◆ TASK INSTRUCTIONS ◆
Pictures in the data should be dropped; transcribe exactly the lines from the one that has "随着全省吹响了新一轮全面治水" through the one that has "淘宝FLESPORTS外设,侧刻透明键帽".

◆ DATA SHOWN ◆
—————

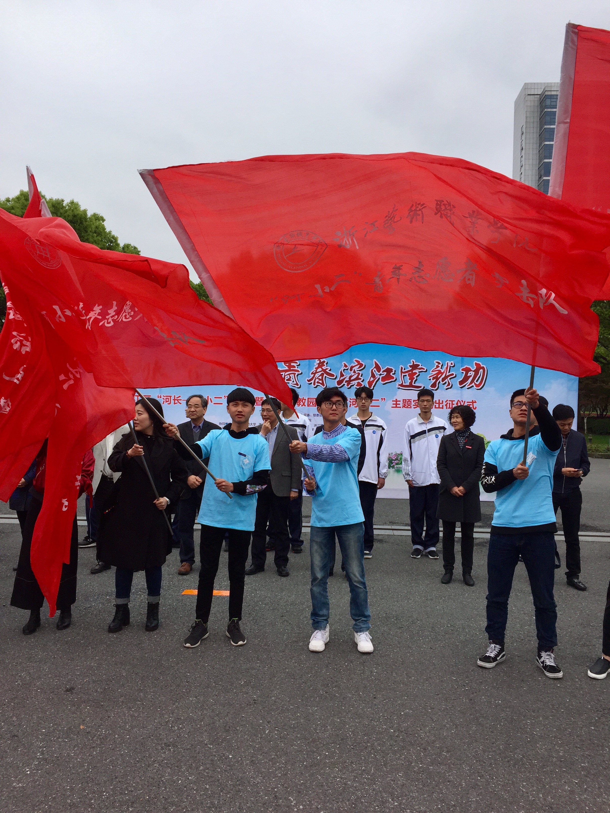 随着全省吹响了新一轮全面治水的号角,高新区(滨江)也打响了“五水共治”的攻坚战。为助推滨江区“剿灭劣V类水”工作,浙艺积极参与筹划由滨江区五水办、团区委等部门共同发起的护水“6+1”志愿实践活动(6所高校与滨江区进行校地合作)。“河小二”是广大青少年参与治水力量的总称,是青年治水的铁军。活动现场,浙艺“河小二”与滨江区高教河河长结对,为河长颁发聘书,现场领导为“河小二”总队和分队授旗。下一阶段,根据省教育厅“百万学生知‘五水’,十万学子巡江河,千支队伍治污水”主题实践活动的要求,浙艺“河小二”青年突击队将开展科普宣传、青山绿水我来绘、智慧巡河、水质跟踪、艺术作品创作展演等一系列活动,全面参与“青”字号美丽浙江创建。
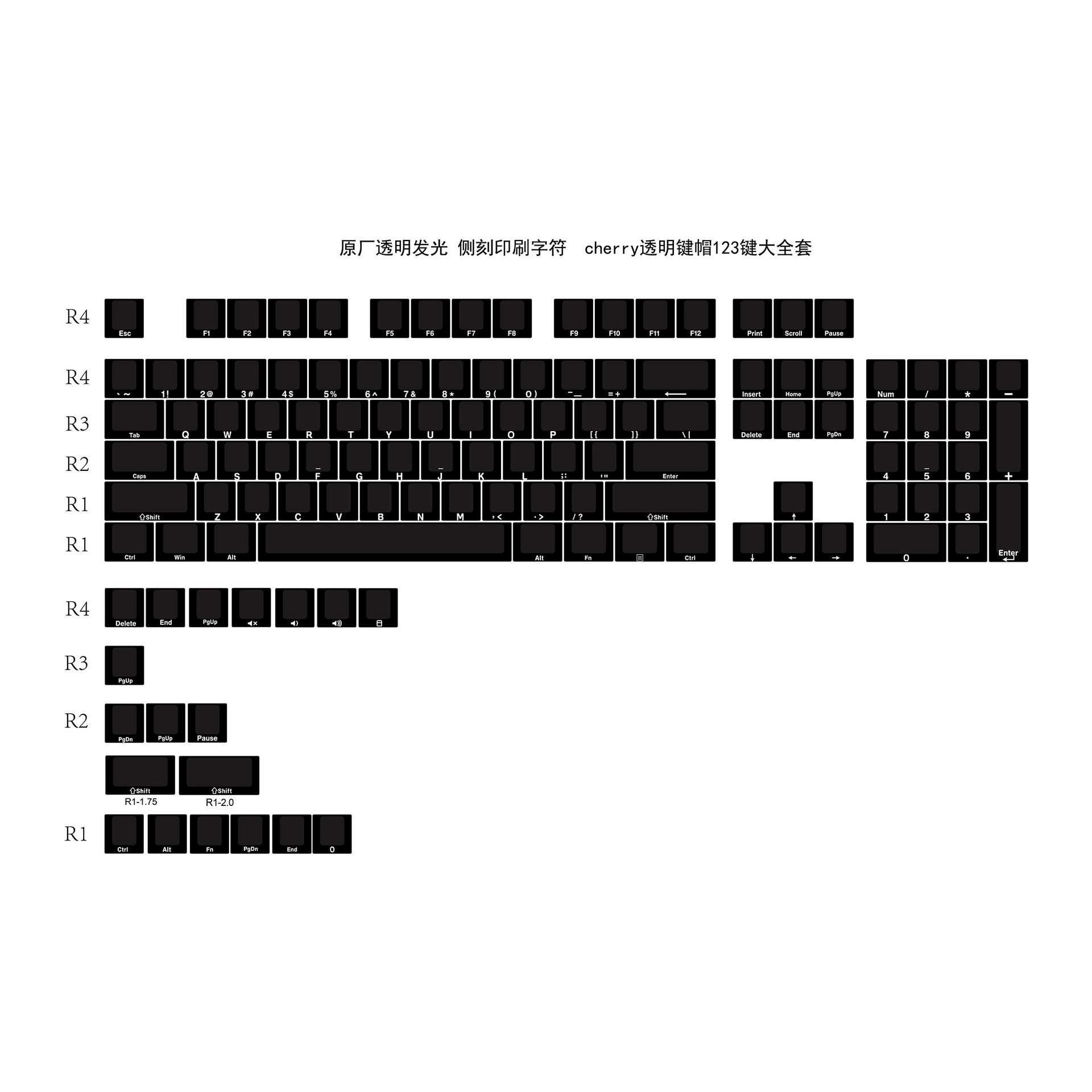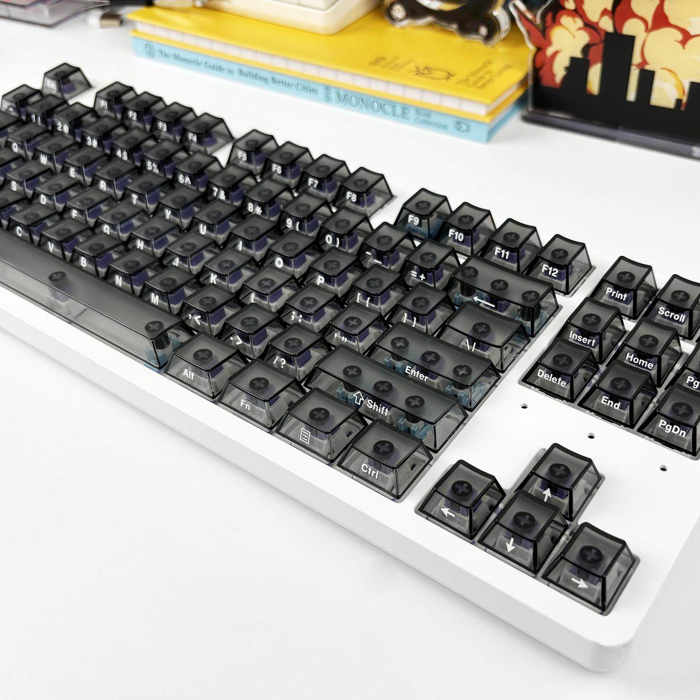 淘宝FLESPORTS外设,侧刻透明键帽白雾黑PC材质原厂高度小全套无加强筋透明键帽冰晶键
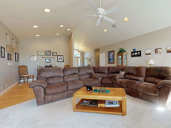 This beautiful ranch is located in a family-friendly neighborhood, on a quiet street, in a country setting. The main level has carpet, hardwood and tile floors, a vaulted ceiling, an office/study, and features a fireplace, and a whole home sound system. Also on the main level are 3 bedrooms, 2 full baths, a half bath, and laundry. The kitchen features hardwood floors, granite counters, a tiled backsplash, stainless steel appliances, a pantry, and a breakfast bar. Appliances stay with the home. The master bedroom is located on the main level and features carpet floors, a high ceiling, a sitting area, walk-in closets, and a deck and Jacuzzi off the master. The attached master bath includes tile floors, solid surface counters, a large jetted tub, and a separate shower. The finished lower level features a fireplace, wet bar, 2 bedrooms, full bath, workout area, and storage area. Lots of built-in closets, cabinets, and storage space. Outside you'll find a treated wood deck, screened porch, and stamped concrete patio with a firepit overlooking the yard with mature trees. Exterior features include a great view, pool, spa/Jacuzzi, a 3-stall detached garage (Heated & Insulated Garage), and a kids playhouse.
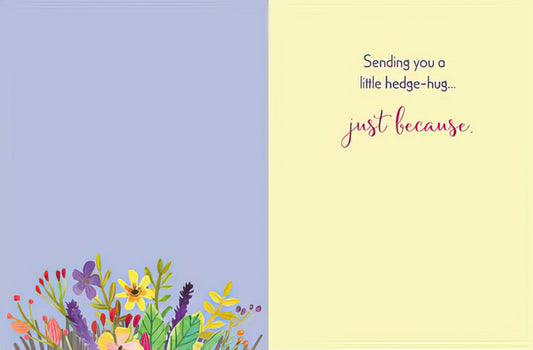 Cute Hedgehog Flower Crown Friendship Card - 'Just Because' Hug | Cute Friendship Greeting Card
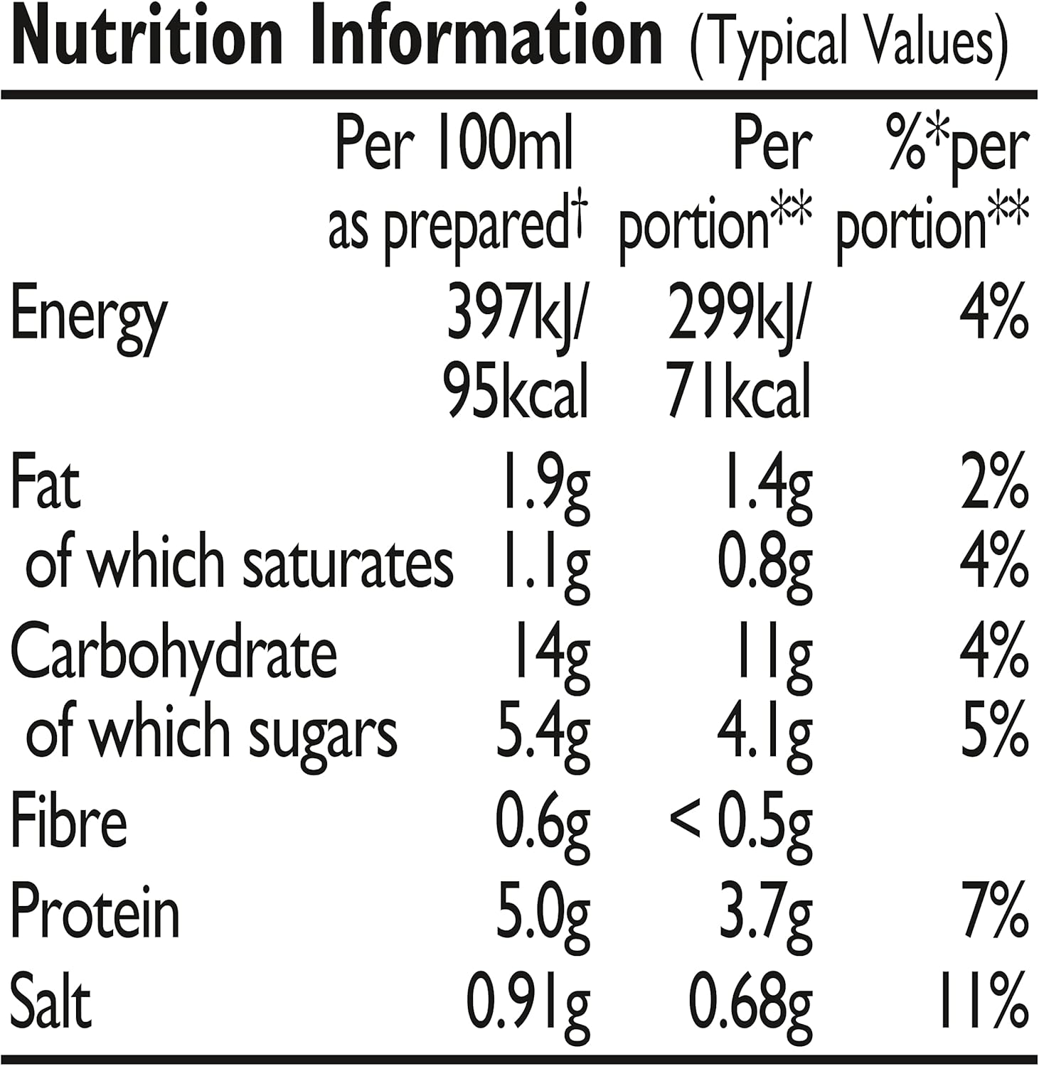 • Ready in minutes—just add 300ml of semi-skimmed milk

—————

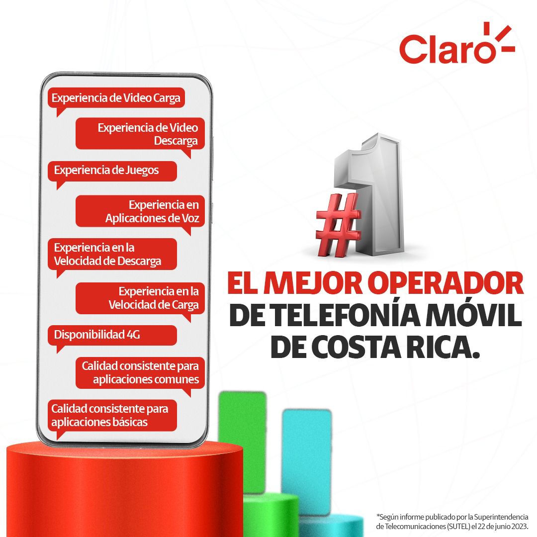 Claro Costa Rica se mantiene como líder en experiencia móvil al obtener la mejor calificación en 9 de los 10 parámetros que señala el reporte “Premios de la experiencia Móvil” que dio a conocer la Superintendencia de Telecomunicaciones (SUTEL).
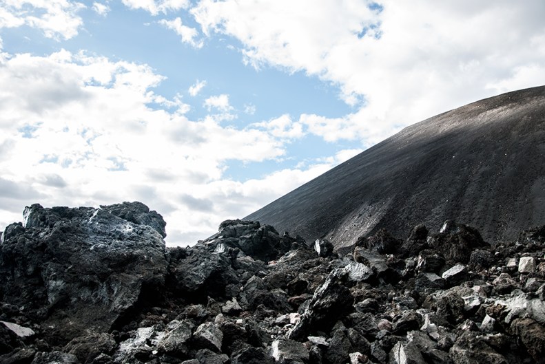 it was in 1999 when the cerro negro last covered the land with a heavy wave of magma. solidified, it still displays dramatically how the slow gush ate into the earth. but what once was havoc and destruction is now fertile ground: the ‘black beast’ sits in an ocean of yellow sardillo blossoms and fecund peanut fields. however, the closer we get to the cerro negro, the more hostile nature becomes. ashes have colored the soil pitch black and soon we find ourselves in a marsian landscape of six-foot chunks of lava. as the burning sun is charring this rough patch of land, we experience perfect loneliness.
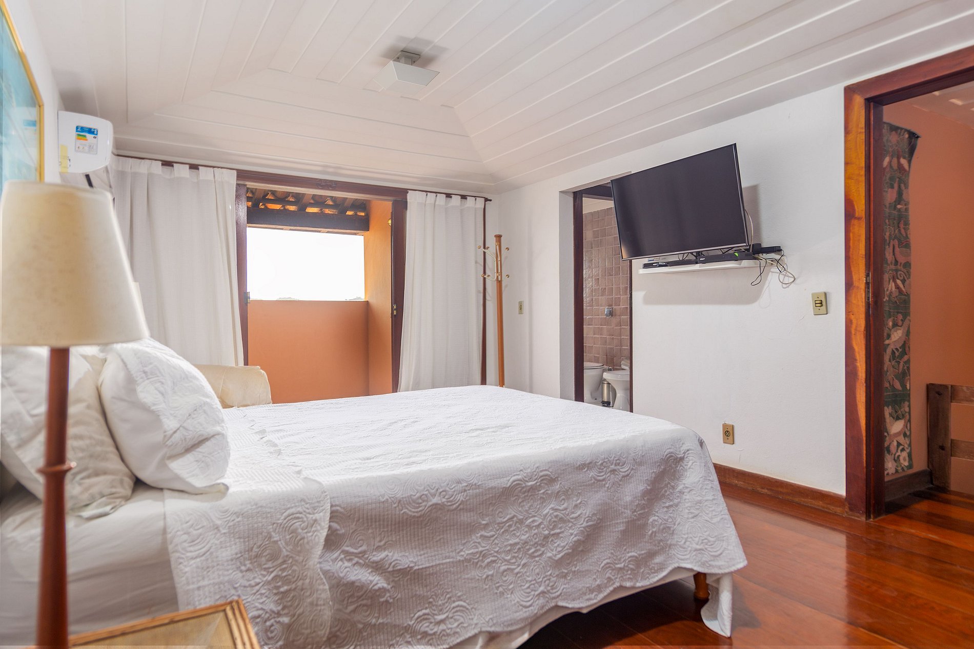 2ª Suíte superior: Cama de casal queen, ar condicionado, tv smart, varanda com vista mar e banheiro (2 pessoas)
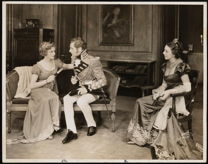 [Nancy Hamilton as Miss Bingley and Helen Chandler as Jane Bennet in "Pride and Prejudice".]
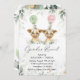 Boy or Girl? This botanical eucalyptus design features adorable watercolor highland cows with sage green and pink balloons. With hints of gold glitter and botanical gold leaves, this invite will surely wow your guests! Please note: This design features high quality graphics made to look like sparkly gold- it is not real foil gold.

—————

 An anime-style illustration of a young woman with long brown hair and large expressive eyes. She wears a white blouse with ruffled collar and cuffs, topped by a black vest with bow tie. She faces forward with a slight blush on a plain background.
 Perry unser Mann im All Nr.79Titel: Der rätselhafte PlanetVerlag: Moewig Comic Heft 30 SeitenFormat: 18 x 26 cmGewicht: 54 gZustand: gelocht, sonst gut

—————

◆ RESULT ◆
 随着全省吹响了新一轮全面治水的号角,高新区(滨江)也打响了“五水共治”的攻坚战。为助推滨江区“剿灭劣V类水”工作,浙艺积极参与筹划由滨江区五水办、团区委等部门共同发起的护水“6+1”志愿实践活动(6所高校与滨江区进行校地合作)。“河小二”是广大青少年参与治水力量的总称,是青年治水的铁军。活动现场,浙艺“河小二”与滨江区高教河河长结对,为河长颁发聘书,现场领导为“河小二”总队和分队授旗。下一阶段,根据省教育厅“百万学生知‘五水’,十万学子巡江河,千支队伍治污水”主题实践活动的要求,浙艺“河小二”青年突击队将开展科普宣传、青山绿水我来绘、智慧巡河、水质跟踪、艺术作品创作展演等一系列活动,全面参与“青”字号美丽浙江创建。
 淘宝FLESPORTS外设,侧刻透明键帽白雾黑PC材质原厂高度小全套无加强筋透明键帽冰晶键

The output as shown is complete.